Jarir bin ‘Abdillah al-Bajali termasuk salah satu sahabat Rasulullah shalallahu ‘alaihi wa salam. Darinya kita mengetahui bahwa para Sahabat tidak senang berkumpul-kumpul di rumah duka dan juga jamuan oleh keluarga yang kematian oleh keluarga yang kematian. Dan menganggapnya sama dengan meratap (niyahah).
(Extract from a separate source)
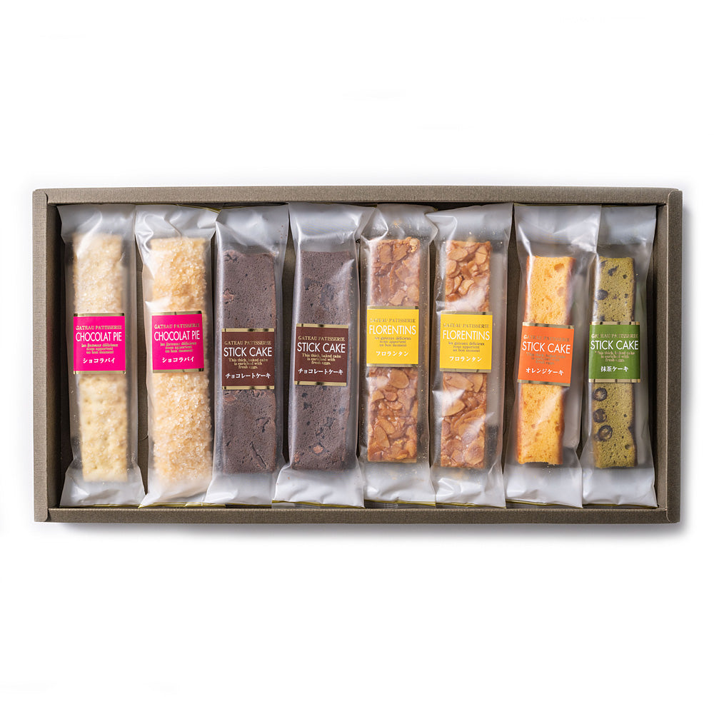 - セット内容:ショコラパイ・フロランタン×各2本、スティックケーキ(チョコレート×2本、オレンジ・抹茶×各1本)

Muhammadiyah secara langsung tidak mengatakan adanya larangan bagi keluarga si mayat membuat hidangan bagi pelayat akan tetapi menilik hadist di atas sebagai acuhan dalam berpendapat, pelayatlah yang semestinya membuat hidangan baik sebelum dan sesudah jenazah dimakamkan. Dan dapat dipahami bahwa Muhammadiyah tidak menyetujui aktifitas pembuatan hidangan bagi pelayat oleh keluarga yang sedang duka.

Kesimpulan:
Dalam menghukumi permasalahan keluarga duka (karena kematian) menjamu pelayat Nahdlatul ‘Ulama berpendapat bahwa perbuatan tersebut haram setidaknya makruh (dibenci). Demikian juga hukum pelayat makan hidangan yang disediakan oleh keluarga yang sedang berduka. Adapun Muhammadiyah tidak menghukuminya tetapi memilih untuk meninggalkan hal yang demikian. Jadi seyogyanya kita meninggalkannya karena kalau perbuatan itu haram maka mengerjakan dosa dan kalau meninggalkannya kita mendapat pahala, kalaupun makruh kalau kita meninggalkannya kita mendapat pahala dan kalau kita mengerjakannya kita dibenci oleh agama ini. Wallahu a’lam.